The fund is meant for the acquisition of new military aircraft, patrol boats and armoured personnel carriers that will be deployed for anti-piracy operations.
With the equipment, the NIMASA last June boasted that piracy and sea robbery would be reduced to zero by June 2018.
Director General, Dr Dakuku Peterside, said that within one year, the country’s waters would be secured from sea robbers.
He noted: “We have before now been facing challenges of piracy, sea robbery within our maritime domain and we have given our words to Nigeria that by next year June 2018, they should hold us responsible for this sea robbery in our maritime domain.
“From next year June, we will move from wherever we are to zero per cent non-piracy on our waterways. That is the first commitment to Nigerian people and we are working day and night everyday in putting things right every day.”
However, four months to the deadline, there is no sign that the agency would be able to keep to this promise as menace of piracy is on the increase.
For instance, in the last seven months, there has been incessant attacks by robbers on Nigeria waters.
Catalogue of attacks
Last July, IMB said that pirates kidnapped five crew members from a cargo ship, a Panama-flagged, MV Oya 1, off the coast of Nigeria, when a group of armed pirates boarded a general cargo ship underway around 15nautical miles South West of Bonny Island.

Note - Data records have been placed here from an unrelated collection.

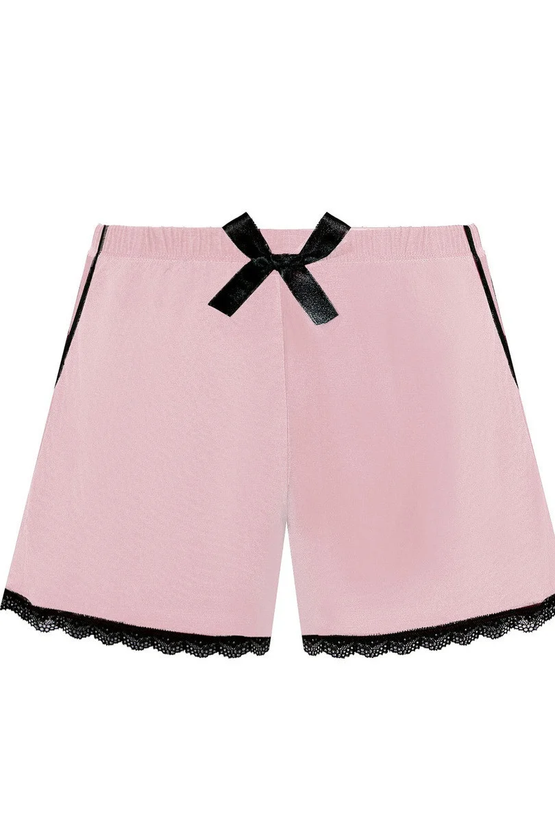 Krátke šortky Viscosa. Nohavice zakončené čipkou, bočné vrecká v páse s ozdobnou saténovou mašľou.Zloženie: 70% viskóza, 8% elastan, 8% ostatné vlákna .
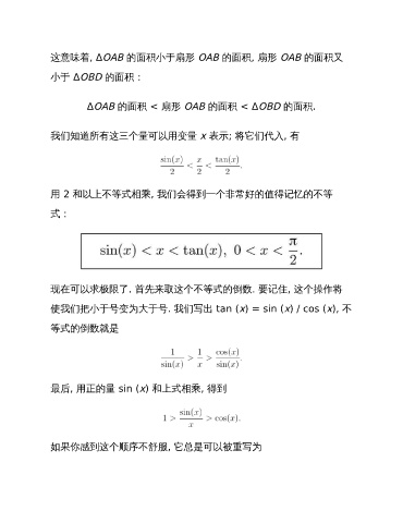 ΔOAB 的面积 < 扇形 OAB 的面积 < ΔOBD 的面积.
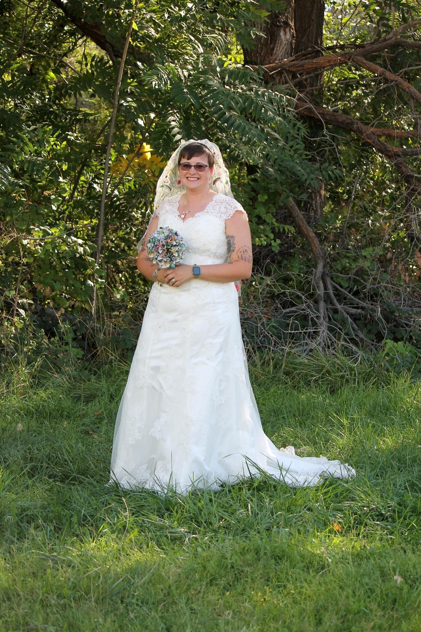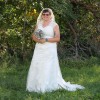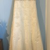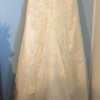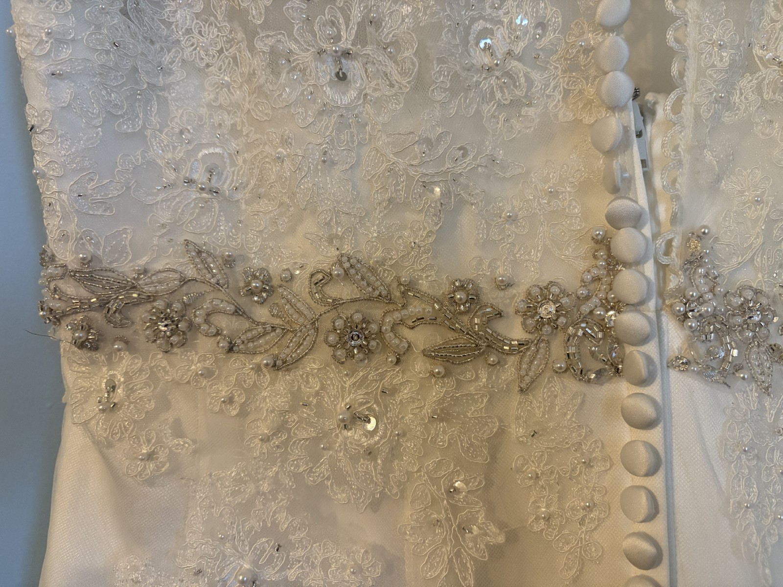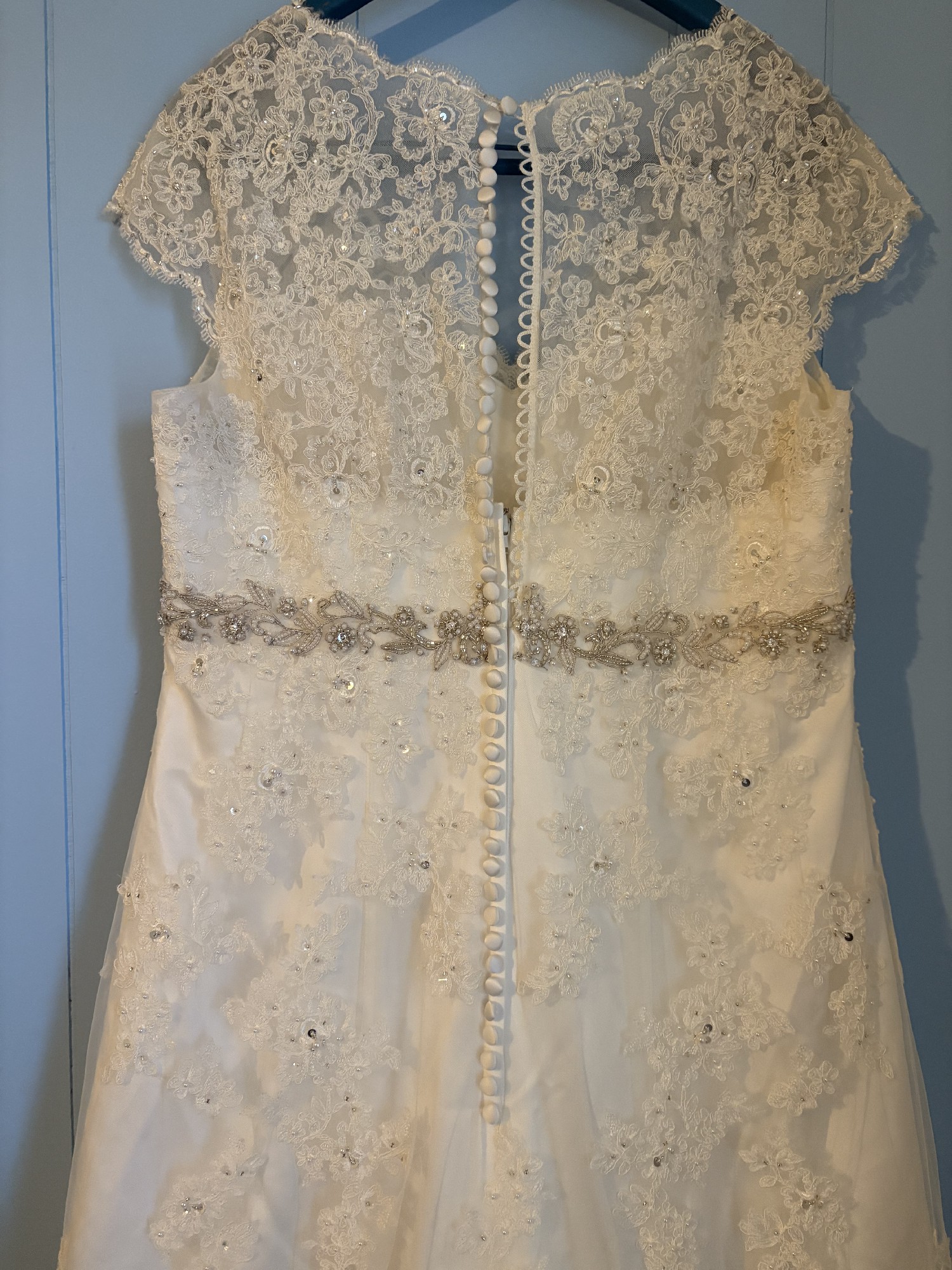 This romantic and feminine lace and satin A-line gown combines timeless elegance with intricate detail. The empire waistline is adorned with ornate beading, while the scalloped eyelash-lace cap sleeves and illusion back detail add romantic allure.
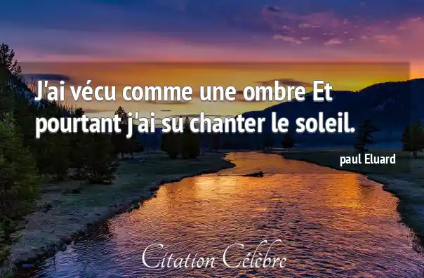 J'ai vécu comme une ombre Et pourtant j'ai su chanter le soleil.
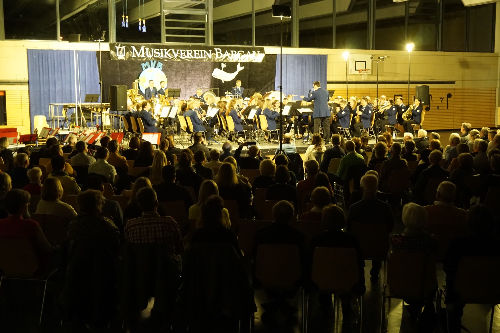Unter derselben musikalischen Leitung übernahm das aktive Blasorchester den abschließenden Teil des Konzerts. Mit dem Hauptact „Of Sailors and Whales“ von W. Francis McBeth trug das Orchester das in fünf Sätzen gegliederte Werk in der Höchststufe vor. Die fünf Sätze beruhen auf fünf Szenen aus Herman Melville’s berühmtem Roman „Moby Dick“ und versetzten die Zuhörer in die Welt der Seefahrer und des Walfangs. Die weiteren Stücke des aktiven Blasorchesters aus der italienischen Pop-Szene verleiteten das Publikum bei einigen Klassikern mit zu singen und zu klatschen. Besonderen Eindruck hinterließ die herausragende Einlage des Schlagwerks bei der Abenteuerreise nach Afrika im Stück „Jungle Fantasy“. Hier wurden mit sämtlichen Mitteln Tierlaute und Geräusche nachgeahmt, sodass der Zuhörer sich wie im Dschungel gefühlt hat. Diese positive Gesamtstimmung und das stimmig schöne und abwechslungsreiche Programm veranlasste viele der Konzertbesucher im Anschluss an das Konzert noch zum gemütlichen Beisammensein und Ausklang des Abends.
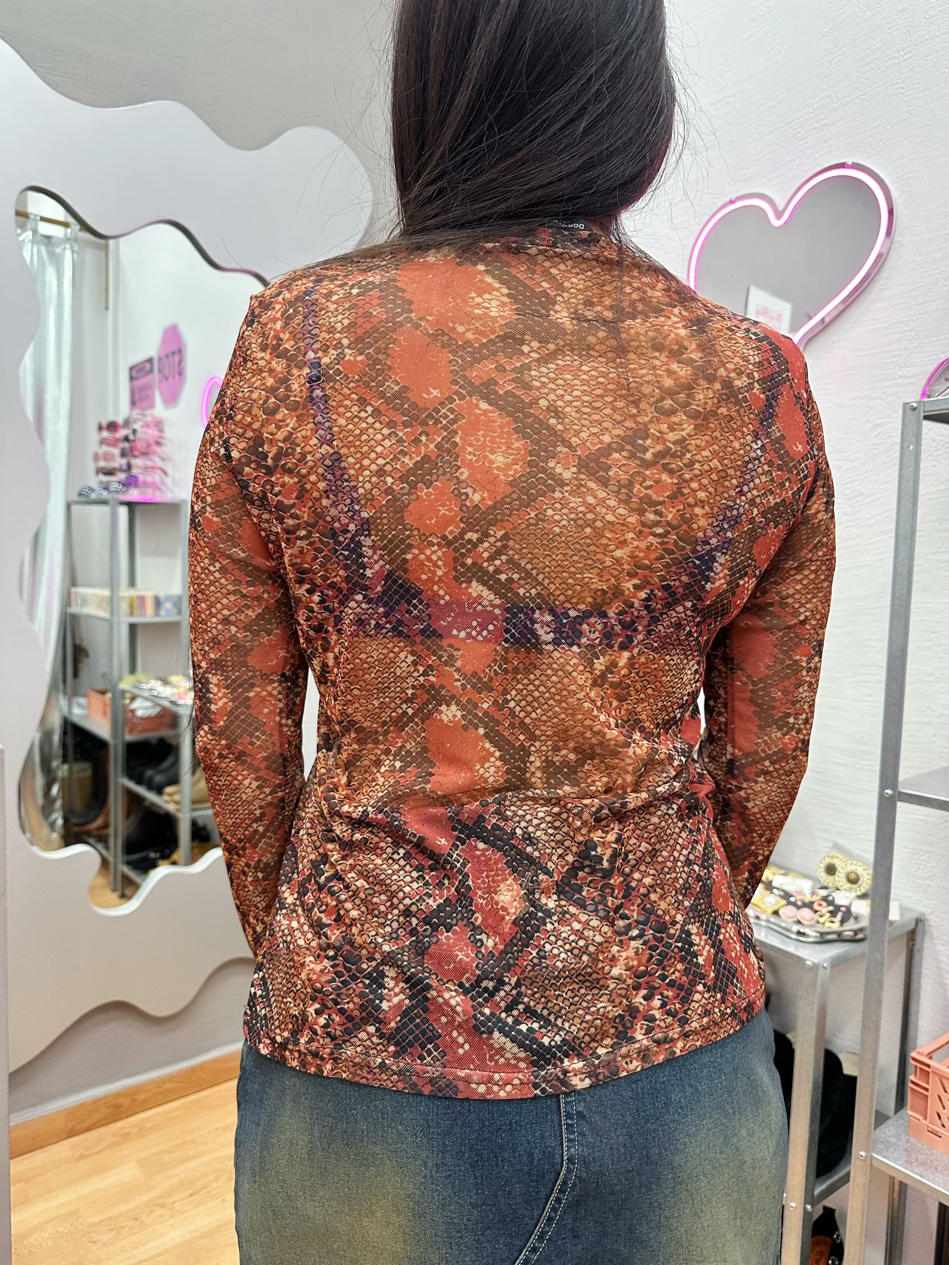 Snake print mesh top

Also in August, two personnel of the Nigeria Security and Civil Defence Corps, (NSCDC), Nigeria Police Force and a civilian were ambushed and killed by suspected sea pirates along the Okoron creek in Southern Ijaw Local Government Area of the state.
Also, last September, sea pirates kidnapped five people from a ship near Parrot Island, south of the Cross River state capital, Calabar.

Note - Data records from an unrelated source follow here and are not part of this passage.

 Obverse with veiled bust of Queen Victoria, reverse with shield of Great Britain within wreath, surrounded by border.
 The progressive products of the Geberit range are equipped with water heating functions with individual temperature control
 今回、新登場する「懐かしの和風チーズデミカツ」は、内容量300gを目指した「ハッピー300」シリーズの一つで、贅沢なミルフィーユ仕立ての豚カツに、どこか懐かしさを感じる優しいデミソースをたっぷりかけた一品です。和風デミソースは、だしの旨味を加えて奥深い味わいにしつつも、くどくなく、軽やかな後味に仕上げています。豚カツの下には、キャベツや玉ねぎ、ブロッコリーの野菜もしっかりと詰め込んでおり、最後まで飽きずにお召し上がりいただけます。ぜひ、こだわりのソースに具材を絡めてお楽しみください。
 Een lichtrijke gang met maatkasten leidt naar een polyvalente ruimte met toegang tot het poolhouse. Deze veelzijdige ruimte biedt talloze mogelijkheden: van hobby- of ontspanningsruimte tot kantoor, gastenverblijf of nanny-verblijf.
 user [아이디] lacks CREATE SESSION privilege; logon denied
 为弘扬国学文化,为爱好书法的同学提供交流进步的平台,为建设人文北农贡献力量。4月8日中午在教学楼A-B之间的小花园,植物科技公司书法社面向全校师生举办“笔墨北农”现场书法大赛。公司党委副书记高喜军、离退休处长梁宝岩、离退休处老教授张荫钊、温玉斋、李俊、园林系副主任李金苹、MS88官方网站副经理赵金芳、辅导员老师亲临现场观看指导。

Within the same period, security operatives on escort mission were attacked by sea pirates along the Ekebiri waterways in Bayelsa State.

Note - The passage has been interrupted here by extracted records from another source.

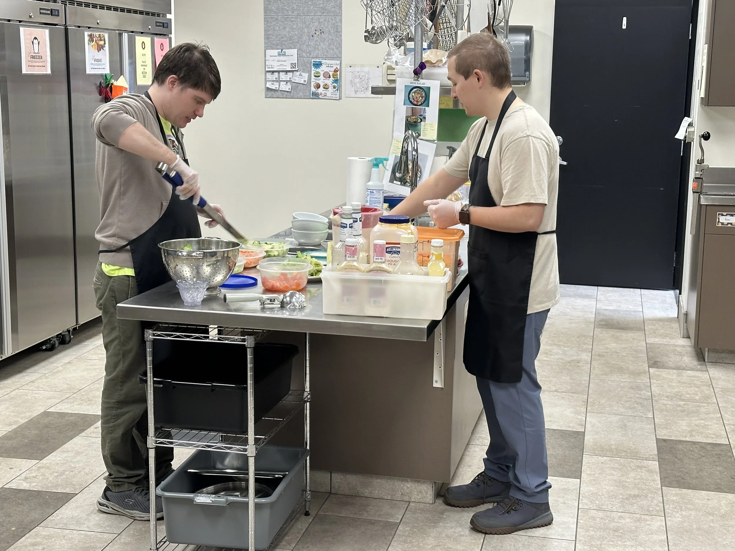 Evergreen Café: Members and staff perform all the duties required in most food-service operations. Members plan, shop, cook and serve lunch daily to members, staff and guests. The Café works with the club’s Garden Committee to manage the greenhouse, raised vegetable beds, and flower gardens on the property.
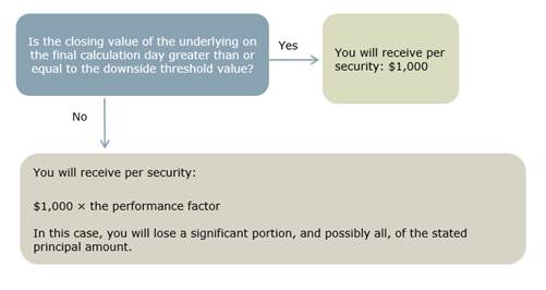 | · | understand that if the closing value of the underlying on the final calculation day is less than the downside threshold value, they will be fully exposed to the decline in the underlying from the starting value and will receive significantly less than the stated principal amount, and possibly nothing, at maturity; |
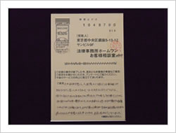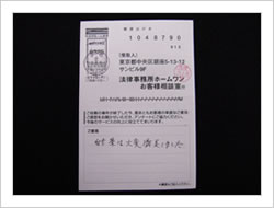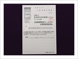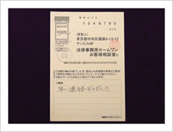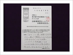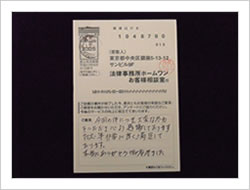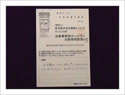 はじめてお世話になりましたが、一切の不安もなく最後まで安心していることが出来ました。相談無料のうえ、もし何もなかったら一切の請求がないとうかがっていたので本当に安心出来ました。どうもありがとうございました。(お客様相談室アンケートにて)
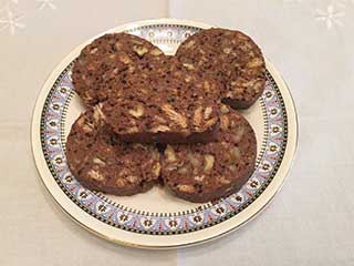 4) Αφήνω για λίγο το μίγμα στο ψυγείο και αφού σφίξει, πλάθω σε σχήμα κορμού. Το τοποθετώ στο ψυγείο για να σταθεροποιηθεί και κόβω σε φέτες.
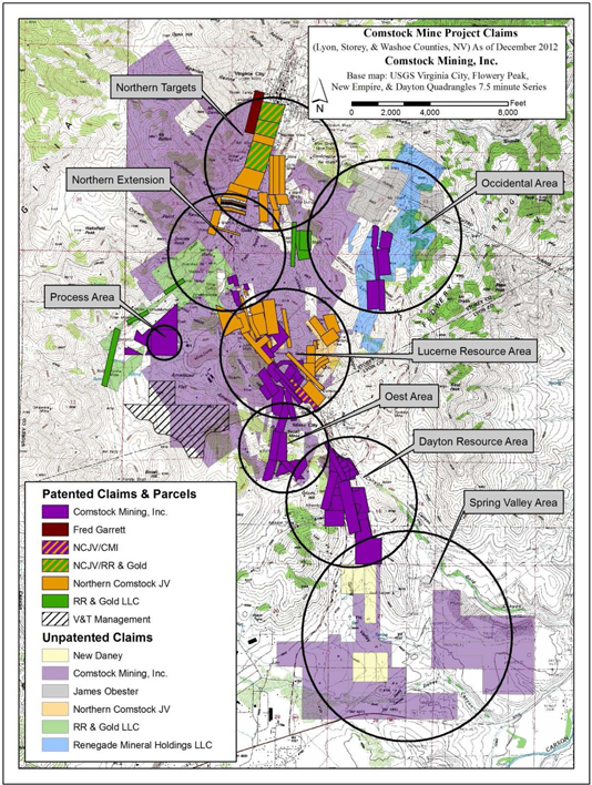 The Spring Valley exploration target lies at the southern end of the Comstock District, where the mineralized structures lie mostly concealed beneath a veneer of sediment gravels. The area includes the Kossuth claim south of State Route 341, the Dondero property, the New Daney lode mining claims, and the Company’s placer mining claims in Spring Valley and Gold Canyon.
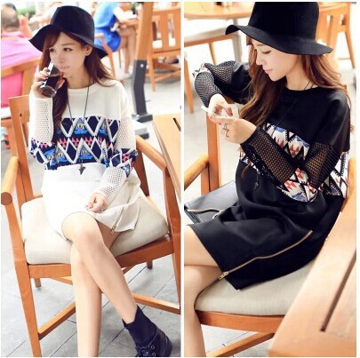 2015秋季新款時尚孕婦裙 波普圖案鏤空拼接袖孕婦連衣裙 /
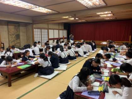 夕食を終えて、平和学習の振り返りをしています。今日の学習で感じたことを、それぞれワークシートに記入しています。一人ひとり真剣に取り組んでいます。

Also in October, a container ship, Demeter, was attacked by pirates at south of Port Harcourt while en route Malabo Equatorial Guinea to Monrovia.
A bulk carrier, Venus Bay, was also attacked and boarded by armed pirates last November at Bight of Bon
Similarly, in December, IMB report said that 10 crew were kidnapped from a bulk carrier off the coast of Niger Delta.
The trend continued in January 2018, when 10 crew were kidnapped on board MT Barrett but were released after ransom was paid.
Also, Greek bulk carrier, Skylight, was attacked by pirates in Bight of Biafra, south of Brass, with10 crew. The latest attack was from a Greek bulk carrier, Marine Express, with 22 Indian crew on board.
Already, the agency’s multi-million dollar world-class strategic satellite surveillance system has been out of operation for over one year.
The equipment has the capacity of detecting movements and activities of ships, boats and other crafts operating within the nation’s maritime domain with a reconnaissance back up of a functional helicopter for patrol, pursuit and interdiction.
Besides, the anti-piracy bill before the national assembly has not been passed into law. The bill is aimed at criminalising piracy and all maritime crimes in the country’s maritime domain with attendant punishment enshrined in the Nigerian legal framework.
It would be recalled that in 2017, IMB said that a total of 180 incidents of piracy and armed robbery against ships were recorded.
It noted that 136 vessels were boarded, while there were 22 attempted attacks, 16 vessels fired upon and six vessels hijacked.
Worried by the trend, Peterside said that Nigeria had installed satellite surveillance systems, coastal radar systems, and the Global Maritime Distress and Safety System (GMDSS) among others to monitor the coastal waters.
The director general noted that the implementation of an integrated national surveillance and waterways protection solution with command and control infrastructure in the agency was part of the government’s deep blue contract to enhance security in the Gulf of Guinea.
Government should put technology in place to fully tackle the menace of pirates on Nigerian waters, which has remained a hot spot.